# Do you think an ESTP is more romantically compatible with an ESFP or an INTJ?



## Zeri (Jan 23, 2018)

I think Esfps and Estps may get along well as friends, but romantically..? I wonder if they may be too alike for things to really work out. 

My ESFp female friend says that she likes attention, and that she might have to 'compete' with an Estp male. But at the same time, she and her Estp male friend get along really well and have lots of laughs together. So...I don't know....


----------



## ENIGMA2019 (Jun 1, 2015)

I mesh well with both types. It would depend on other factors as well IMO


----------



## brightflashes (Oct 27, 2015)

Of the three listed, I think the most compatible are the ESFP and the INTJ.


----------



## Eu_citzen (Jan 18, 2018)

I'd say it depends on the maturity of both individuals. Either might work.


----------



## HIX (Aug 20, 2018)

I don't think ESFP would mesh well with either one of those types romantically. Or maybe I'm just talking about my personal preference.


----------



## UltimaRatio (Jan 31, 2019)

So tell @ENIGMA2019 to stop contacting me for the wedding. It's tiring...


----------



## ENIGMA2019 (Jun 1, 2015)

UltimaRatio said:


> So tell @ENIGMA2019vey to stop contacting me for the wedding. It's tiring...

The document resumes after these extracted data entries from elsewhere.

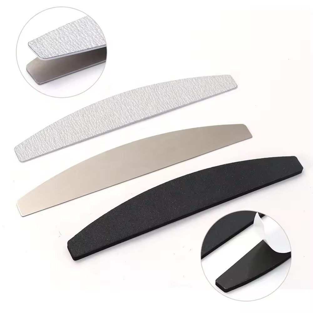 The **Metal Nail File Core & Replacement Sandpaper File** offers a sturdy, reusable base with self-adhesive, disposable refills for quick, hygienic swaps. Ideal for salons, it supports various grits (100, 120,150, 180, 240, and 100/180 buffer), ensuring professional results and an eco-friendly solution.
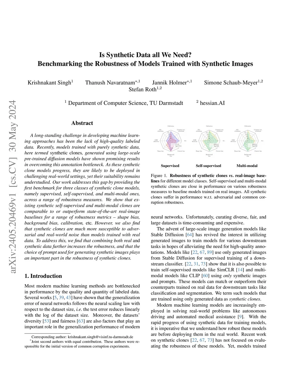 A long-standing challenge in developing machine learning approaches has been the lack of high-quality labeled data. Recently, models trained with purely synthetic data, here termed synthetic clones, generated using large-scale pre-trained diffusion models have shown promising results in overcoming this annotation bottleneck. As these synthetic clone models progress, they are likely to be deployed in challenging real-world settings, yet their suitability remains understudied. Our work addresses this gap by providing the first benchmark for three classes of synthetic clone models, namely supervised, self-supervised, and multi-modal ones, across a range of robustness measures. We show that existing synthetic self-supervised and multi-modal clones are comparable to or outperform state-of-the-art real-image baselines for a range of robustness metrics - shape bias, background bias, calibration, etc. However, we also find that synthetic clones are much more susceptible to adversarial and real-world noise than models trained with real data. To address this, we find that combining both real and synthetic data further increases the robustness, and that the choice of prompt used for generating synthetic images plays an important part in the robustness of synthetic clones.
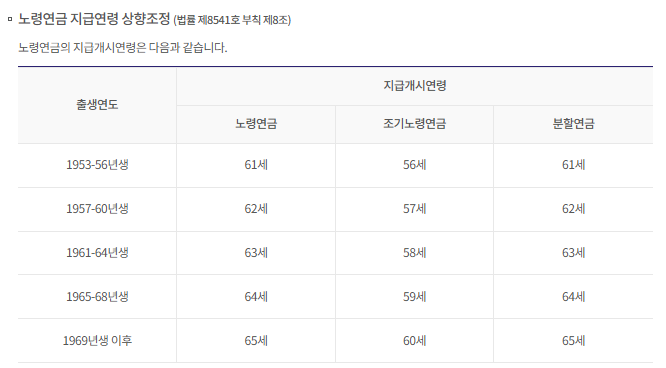 예를 들어, 1969년 이후 태어난 사람은 만 65세부터 국민연금을 받을 수 있습니다.
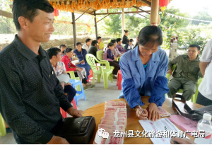 广西崇左市龙州县下冻镇峡岗村那宋屯农家乐分红现场
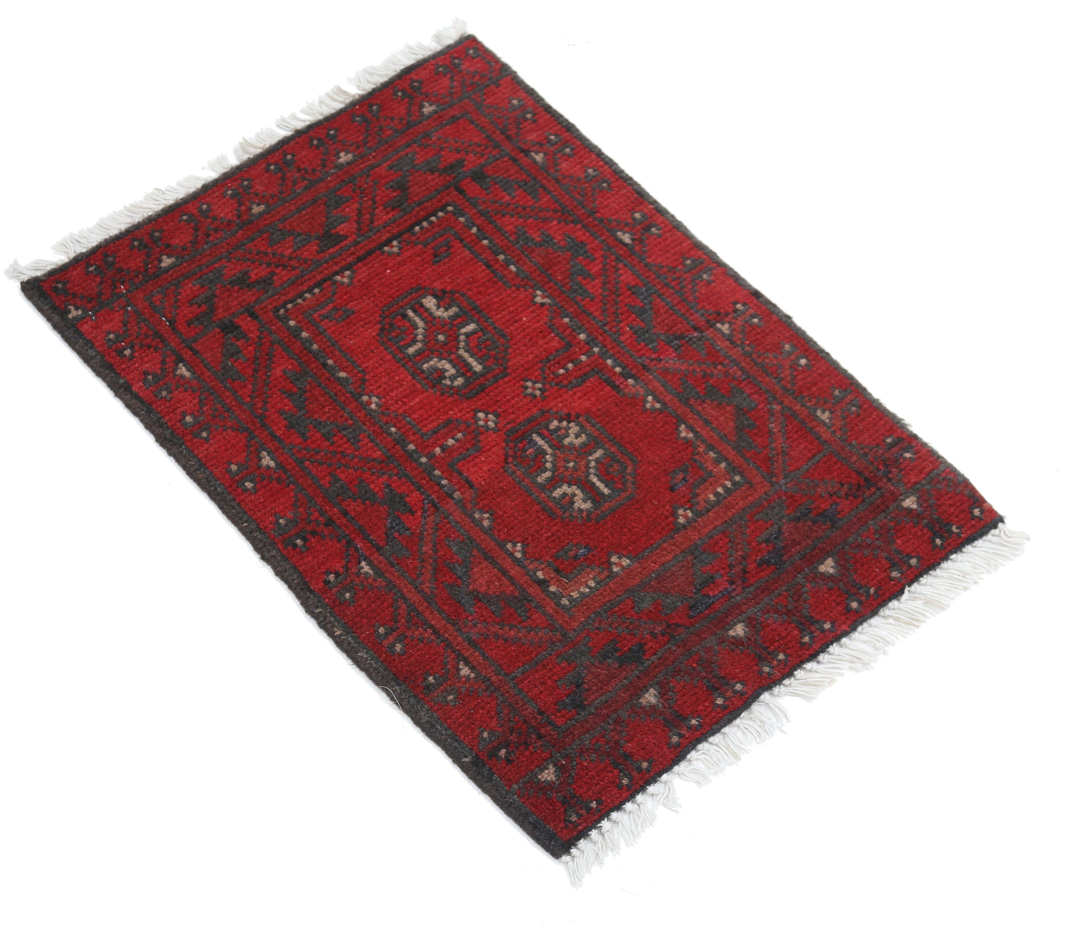 Hand-Knotted Afghan Tribal Geometric Wool Rug - 1'6" x 2'2"

:laughing: But, I am dying to get married to you! *devilish grin* Or is it the other way around? 

WTF Either the pic did not load on my screen or you just preformed magic on insert....


----------



## UltimaRatio (Jan 31, 2019)

ENIGMA2019 said:


> :laughing: But, I am dying to get married to you! *devilish grin* Or is it the other way around?




Stop now!


----------



## ENIGMA2019 (Jun 1, 2015)

You stop lol


----------



## Pure_White (Feb 28, 2017)

Ecchi said:


> Definitely ESFP, but neither are the best choice. I think ESFJ and ESTJ are the best.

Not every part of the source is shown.